Mines D, Fireman B, Lee J, Go AS. Venlafaxine use was not associated with an increased risk of sudden cardiac death. Presented at the 23rd ICPE International Conference on Pharmacoepidemiology & Therapeutic Risk Management; August 2007. Quebec City, Canada. [abstract] Pharmacoepidemiol Drug Saf. 2007 Aug; 16(Suppl 2):S7.


Background: It has been suggested that venlafaxine, an antidepressant that inhibits reuptake of norepinephrine and serotonin, may increase the risk of serious cardiac arrhythmias, but no clinical study has been performed to test this hypothesis.

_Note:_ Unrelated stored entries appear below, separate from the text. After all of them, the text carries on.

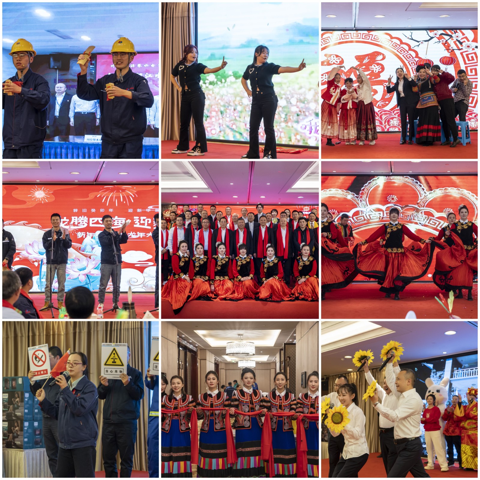 座談會后,攀水電公司組織了“銀江之春”職工文藝匯演,本次文藝匯演所有節(jié)目均由公司各部門和各參建單位員工利用休息時間自編自導自演,大家以歌舞、情景劇、快板等形式共12個節(jié)目,展現(xiàn)了大家在銀江水電站建設中的工作日常和酸甜苦辣。來自水電七局項目部的三句半“賀新春”,說出了電站砂石骨料系統(tǒng)質(zhì)量管控的種種細節(jié);計劃合同部員工們一改往日的嚴肅,以一首嘻哈版“銀江DISCO”講述了招標和合同管理中的艱辛與困難;各參建單位安全員共同參演的“安全記心間”提醒大家時刻不能忘安全;水電五局項目部快板“禮贊銀江水電站”表達了攻堅克難筑大壩的信心和決心;黨群工作部脫口秀“十大心動瞬間發(fā)布會”以沙畫的方式帶領(lǐng)大家重溫了川投能源職工運動會中的感人故事;活動中,公司還與攀枝花市移動公司簽訂了戰(zhàn)略合作協(xié)議,攜手將銀江水電站打造成“5G+智慧電廠”, 由雙方領(lǐng)導帶領(lǐng)的大合唱“龍的傳人”更是催人奮進。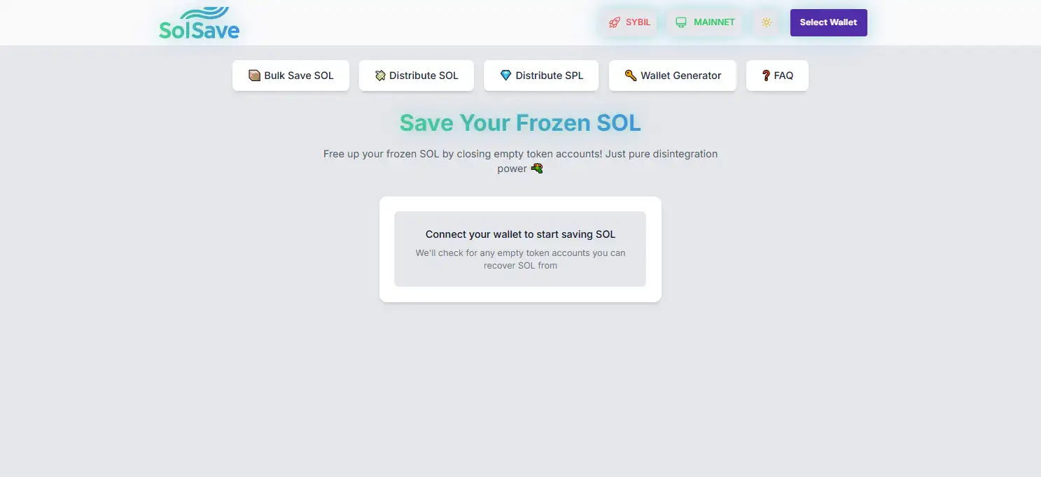 SolSave is a specialized utility platform built on the Solana blockchain, designed to help users recover frozen SOL and optimize their token account management. With tools tailored for bulk processing and efficient SOL and SPL token distribution, SolSave offers both convenience and savings for everyday users and power users alike. From wallet generation to advanced batch operations, the platform integrates essential utilities with a clean, browser-based interface.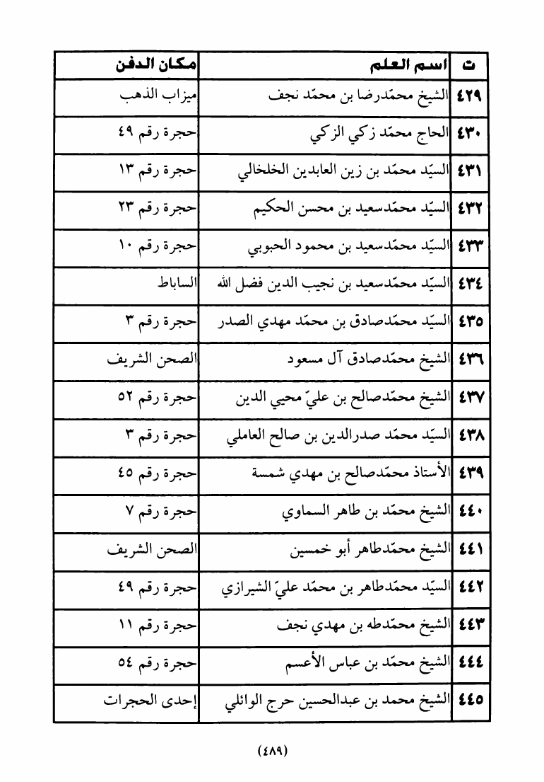 مشاهير المدفونين، في الصحن العلوي الشريف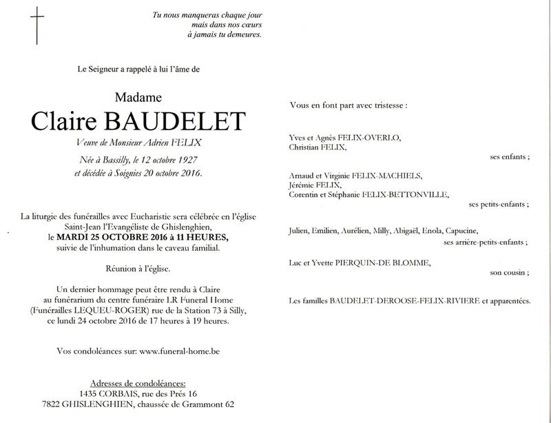 Décédée à Soignies (7060) le jeudi 20 octobre 2016 à l'âge de 89 ans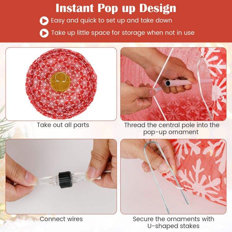 Set di 3 Palline di Natale Pre-Illuminate Pop-Up con Luci LED Bianco Caldo per Decorazioni Albero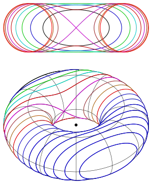 - Si c = 0 la curva consiste en dos circunferencias de radio r centradas en (-R, 0) y (R, 0). La ecuación cartesiana se reduce a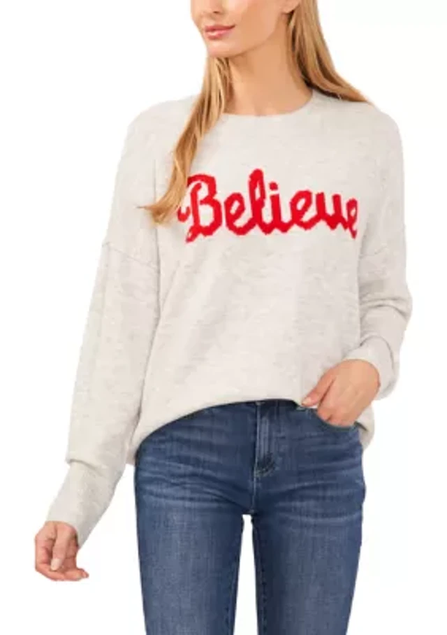 CeCe Women's Long-Sleeve Cheers Script Sweater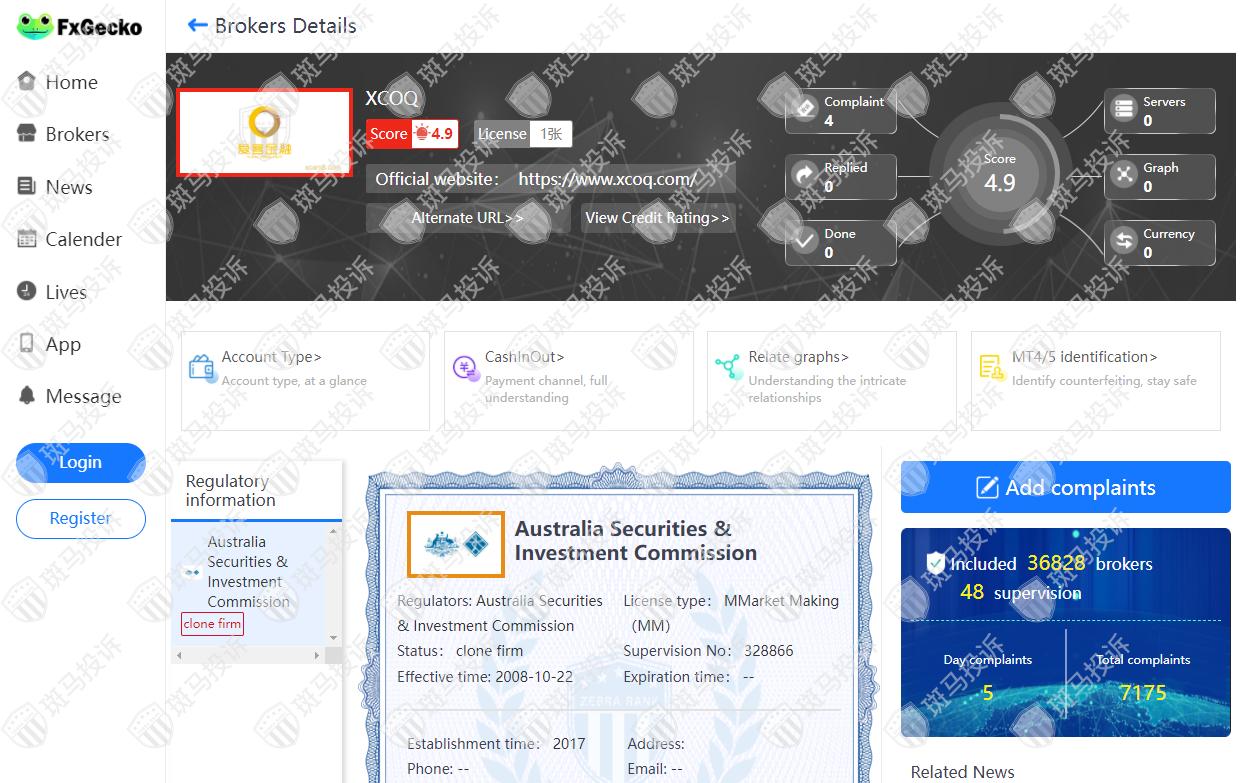 This broker is called XCOQ, which has been established for one year and ranks 5498 in the world. At present, there are 1 foreign exchange licenses, but there is hedging, and the risk scan shows 1 risks. Investors need to pay attention to relevant risks.

Objectives: To evaluate the risk of sudden cardiac death (SCD) associated with use of venlafaxine (V) compared to use of the selective serotonin reuptake inhibitors (SSRIs) fluoxetine (F), paroxetine (P), or citalopram (C).

Methods: We performed a case-control study among adults enrolled in the Kaiser Permanente (N. California) health system who were diagnosed with depression or anxiety and who filled 1 prescription for V, F, P or C from 1995–2004. Cases were patients who (1) died out-of-hospital from acute myocardial infarction, ventricular arrhythmia, or coronary artery disease or (2) presented to a hospital with a life-threatening ventricular arrhythmia then either died or were resuscitated. Cases were found through review of death certificates and automated diagnosis records. We selected up to 20 controls per case, matched on age, sex, and calendar time. We used automated prescription data to determine drug exposure on the index date. The analysis compared current use of V to current use of the other study drugs. We used conditional logistic regression to calculate odds ratios, adjusting for coronary artery disease, congestive heart failure, psychiatric co-morbidity, and other diagnoses and drugs suspected to be associated with SCD.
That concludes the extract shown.